Flush cache to DRAM

Brian Magnuson picture Brian Magnuson · Sep 19, 2013 · Viewed 10.6k times · Source

I'm using a Xilinx Zynq platform with a region of memory shared between the programmable HW and the ARM processor.

I've reserved this memory using memmap on the kernel command line and then exposed it to userspace via mmap/io_remap_pfn_range calls in my driver.

The problem I'm having is that it takes some time for the writes to show up in DRAM and I presume it's stuck in dcache. There's a bunch of flush_cache_* calls defined but none of them are exported, which is a clue to me that I'm barking up the wrong tree...

As a trial I locally exported flush_cache_mm and just to see what would happen and no joy.

In short, how can I be sure that any writes to this mmap'd regions have been committed to DRAM?

Thanks.

Answer

artless noise picture artless noise · Sep 19, 2013

The ARM processors typically have both a I/D cache and a write buffer. The idea of a write buffer is to gang sequential writes together (great for synchronous DRAM) and to not delay the CPU to wait for a write to complete.

To be generic, you can flush the d cache and the write buffer.

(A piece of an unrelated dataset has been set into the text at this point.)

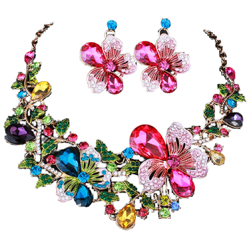 Bunte Blume Diamant Kristall Halskette Ohrring Schmuck Set

The following is some inline ARM assembler which should work for many architectures and memory configurations.

 static inline void dcache_clean(void)
 {
     const int zero = 0;
     /* clean entire D cache -> push to external memory. */
     __asm volatile ("1: mrc p15, 0, r15, c7, c10, 3\n"
                     " bne 1b\n" ::: "cc");
     /* drain the write buffer */
    __asm volatile ("mcr 15, 0, %0, c7, c10, 4"::"r" (zero));
 }

You may need more if you have an L2 cache.

To answer in a Linux context, there are different CPU variants and different routines depending on memory/MMU configurations and even CPU errata. See for instance,

These routines are either called directly or looked up in a cpu info structure with function pointers to the appropriate routine for the detected CPU and configuration; depending on whether the kernel is special purpose for a single CPU or multi-purpose like a Ubuntu distribution.

To answer the question specifically for your situation, we need to know L2 cache, write buffered memory, CPU architecture specifics; maybe including silicon revisions for errata. Another tactic is to avoid this completely by using the dma_alloc_XXX() routines which mark memory as un-cacheable and un-bufferable so that the CPU writes are pushed externally immediately. Depending on your memory access pattern, either solution is valid. You may wish to cache if the memory only needs to be synchronized at some checkpoint (vsync/*hsync* for video, etc).